Figure 3.

More rapid degradation of surface NR1/NR2B in cultured striatal MSNs from YAC72 versus wt mice. a, Scheme of biotinylation experiment to analyze receptor degradation. Striatal neurons at 9–10 d.i.v. were incubated with NHS-SS-Biotin for 12 min at 4°C to label surface proteins, washed extensively, and then replaced in their original culture media at 37°C, 5% CO₂. Neurons were then harvested at 0, 12, or 24 h after biotinylation, and total soluble lysate was incubated with NeutrAvidin beads to precipitate biotin-tagged proteins, which were then resolved by SDS-PAGE and subjected to immunoblotting. b, Representative immunoblot showing degradation of biotin-tagged NR1. Biot Eluate, Biotinylation eluate; SPN, supernatant. c, Degradation of surface NR1 occurs via the lysosomal pathway. Surface NR1 levels in 9–10 d.i.v. striatal neurons were assessed at 0 or 12 h after biotinylation, in the presence (+leup) or absence (−leup) of 100 μg/ml leupeptin (lysosomal inhibitor).
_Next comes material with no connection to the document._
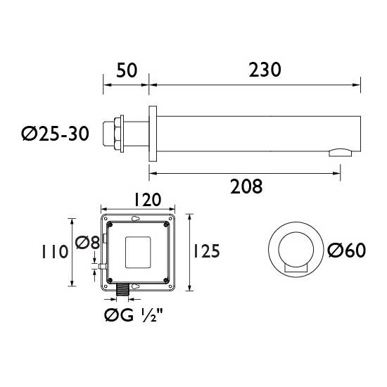 1. Description of Bristan Infrared Automatic Basin Wall Spout IRWS1-CP:
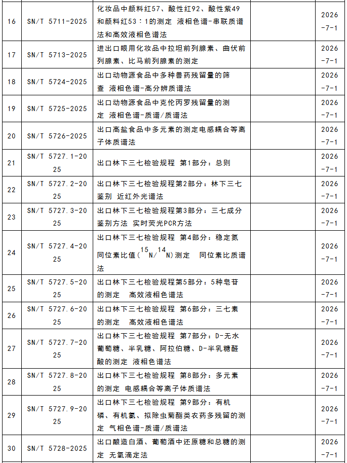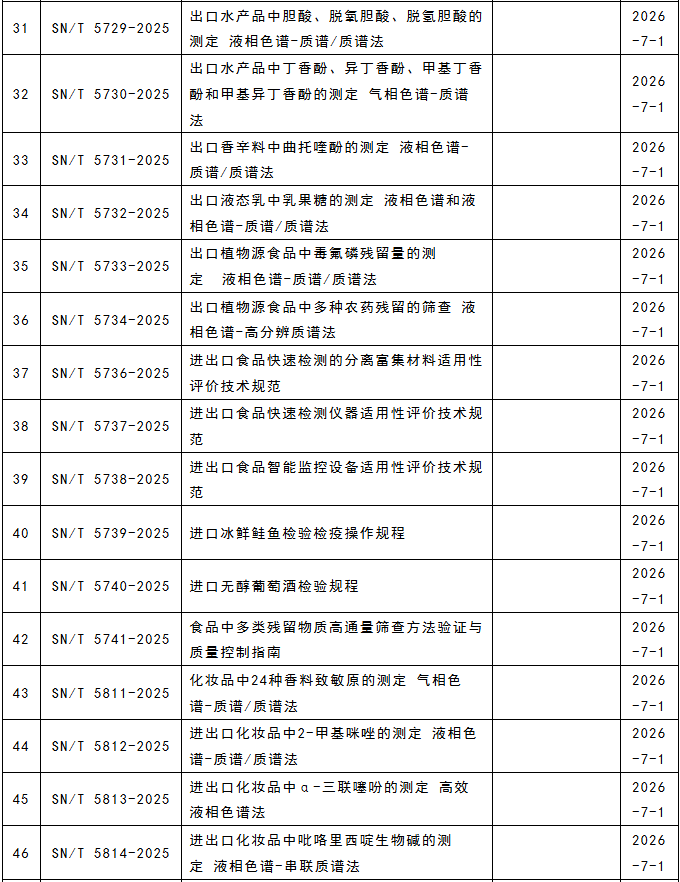 這117項行業標準涵蓋食品、化妝品、藥材等領域,涉及液相色譜串聯質譜法、液相色譜-質譜/質譜法、高效液相色譜法、電感耦合等離子體質譜法、近紅外光譜法、實時熒光PCR方法等檢測方法。

Blot shown is representative of three independent experiments from different batches of wt or YAC72 MSNs. d, Plot of degradation of biotin-tagged NR1 (left) or NR2B (right) over time. Values represent mean ± SEM from n = 5–12 (NR1) or 2–3 (NR2B) independent experiments with different batches of cultured neurons. e, Plot of degradation of biotin-tagged NR1 (left) or NR2B (right) with values of the 0 h time point in each genotype normalized to 100%. Values represent means normalized to 100% at 0 h ± SEM. Significantly different compared with wt, **p < 0.01 by unpaired t test.